# Help with Spray Head Throw Distance



## Hoosier (Jun 12, 2018)

I am re-designing my sprinkler layout, and am planning to use rotator nozzles for a large portion of the yard. I am designing with the assumption that I will be using R-VANs, but could be swayed to MPs. For the purpose of this question, I'll use the figures for the R-VANs:



The maximum distance listed (ie 14' for the 8'-14') is assuming 45 PSI, which I'll have to regulate down to, since my unregulated would be about 60+PSI even after accounting for pressure loss. Thinking I'll use pressure regulated heads for the ones in question, and possibly regulate at the valve if I want more than 45 PSI for other zones, if that's relevant. I know that these figures are in zero wind conditions, so I'm trying to figure out which nozzle to go with in certain cases: the 8-14, 13-18, or 17-24.

For example, for a radius of 12 feet, would the 8-14 be better, or the 13-18?
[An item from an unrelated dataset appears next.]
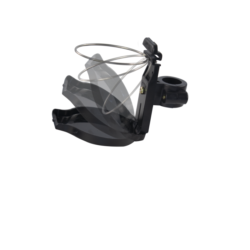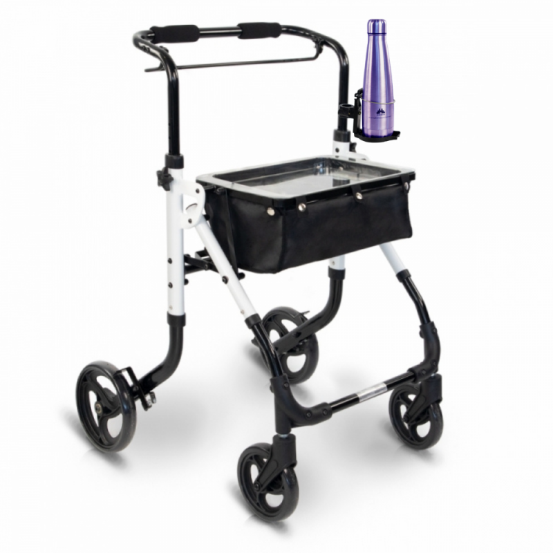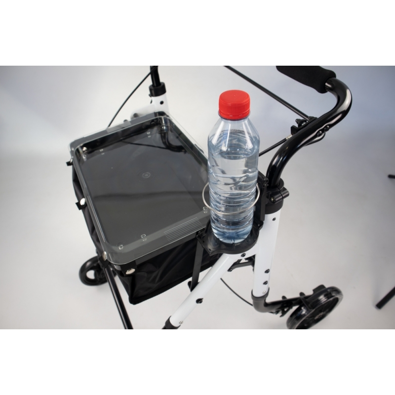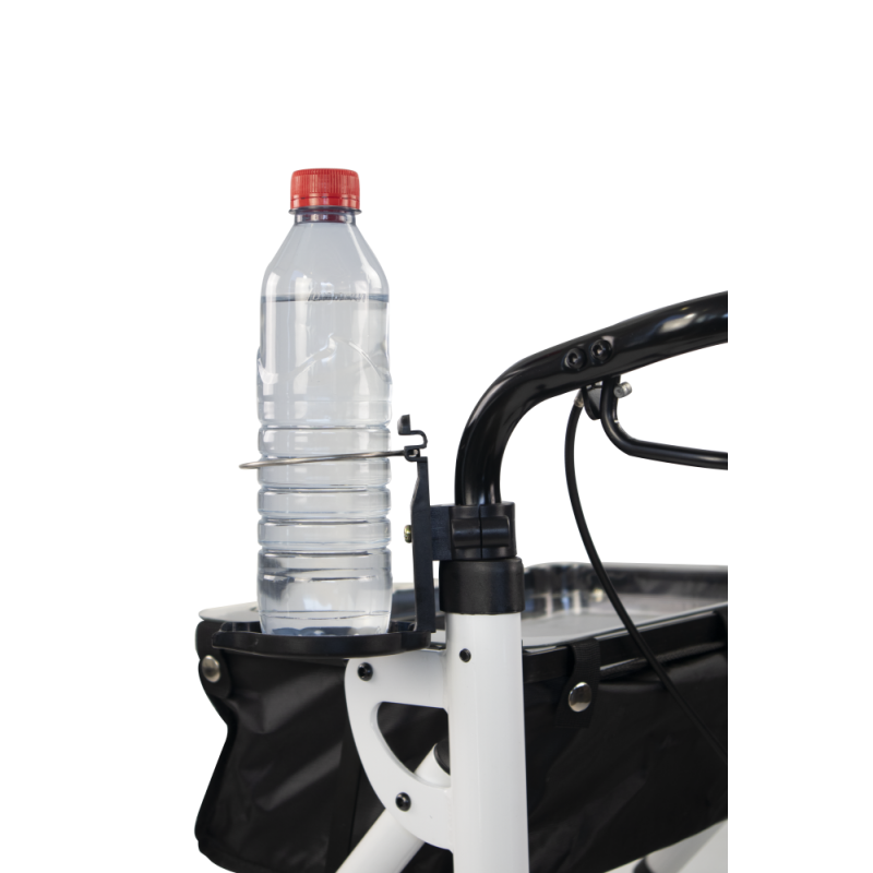 - Support pour bouteilles ou verres : cet outil vous permet de transporter toutes sortes de boissons en toute sécurité grâce à sa simplicité d'installation. Pour générer une plus grande stabilité, il dispose d'un plateau en bas et d'un anneau de serrage en haut. Il est conçu pour maintenir fermement et en toute sécurité tout type de gobelet ou de bouteille, s'adaptant facilement à la structure du déambulateur et avec la possibilité de se plier lorsqu'il n'est pas utilisé.
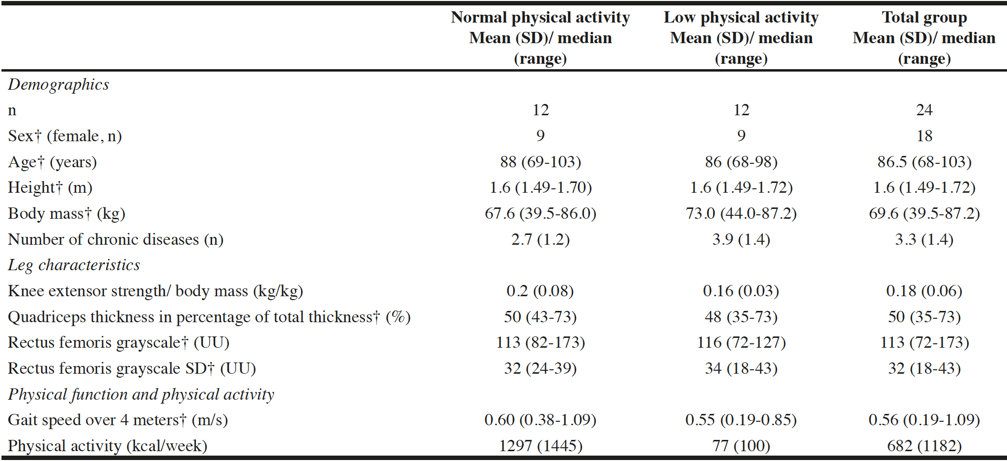 The study sample included n=24 participants (18 women), median age (range) 86.5 (68-103) years, with n=12 participants in each physical activity-subgroup (Table 1).

I have a lot of instances where the radius I need is only 1 or 2 feet less than the max distance of 1 nozzle and the shortest distance of the next nozzle, and I'm not sure how much they can be adjusted down, if I stepped up to the next nozzle, without negatively affecting the pattern like the screw adjustment on rotors does.

Is there a general figure I can use for "whatever the manufacturer states as the distance, use x% of that for the actual"?


----------



## g-man (Jun 15, 2017)

WIth Hunter, I dont use the max distance. I take 1-2ft from there to give myself some adjustment room. I also avoid having to dial down the nozzle to the bottom side of the range. I think they mist more at that point. In your example, the 8-14 would be better.


----------



## spaceman_spiff (Feb 5, 2021)

Yeah the Rotators don't perform well if you try to reduce the radius too far. They end up rotating suuuuuuuper slow. Better to look at the spec sheet and switch between PRS30 or PRS40 pressure-regulating heads and different nozzles based on the distance you need.

https://www.hunterindustries.com/sites/default/files/CA-Cutsheet-MP-Rotator-US.pdf


----------